◆ RECORDED INFORMATION ◆
►

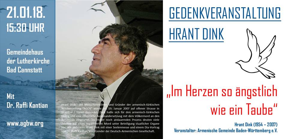- Almanya, Baden-Württemberg şehrindeki Ermeni toplumu, Hrant Dink’i 21 Ocak’ta bir kilise ayiniyle anacak. Saat 13.00’te Luther Kilisesi’nde yapılacak törenin ardından Dr. Raffi Kantian’ın da bir konuşması olacak.
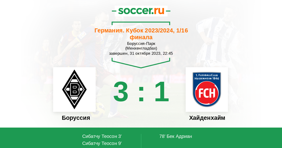 В 1/16 финала кубка Германии «Хайденхайм» приедет в гости к «Боруссии» М. Предлагаем прогноз и обзор ставок у букмекеров на эту встречу.
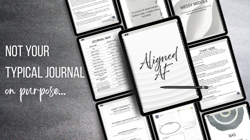 Meet the unflitered Journal – Aligned AF — your no-BS hybrid: part guided journal, part bullet journal, part gratitude journal, (diary if you say so), and all attitude. It’s designed to help you get the chaos out of your head and onto “paper” without the pressure, guilt, or glittery unicorn vibes.

◄

Apart from the images, every line above needs to be printed again exactly.

◆ COMPLETED EXERCISE ◆
- Almanya, Baden-Württemberg şehrindeki Ermeni toplumu, Hrant Dink’i 21 Ocak’ta bir kilise ayiniyle anacak. Saat 13.00’te Luther Kilisesi’nde yapılacak törenin ardından Dr. Raffi Kantian’ın da bir konuşması olacak.
 В 1/16 финала кубка Германии «Хайденхайм» приедет в гости к «Боруссии» М. Предлагаем прогноз и обзор ставок у букмекеров на эту встречу.
 Meet the unflitered Journal – Aligned AF — your no-BS hybrid: part guided journal, part bullet journal, part gratitude journal, (diary if you say so), and all attitude. It’s designed to help you get the chaos out of your head and onto “paper” without the pressure, guilt, or glittery unicorn vibes.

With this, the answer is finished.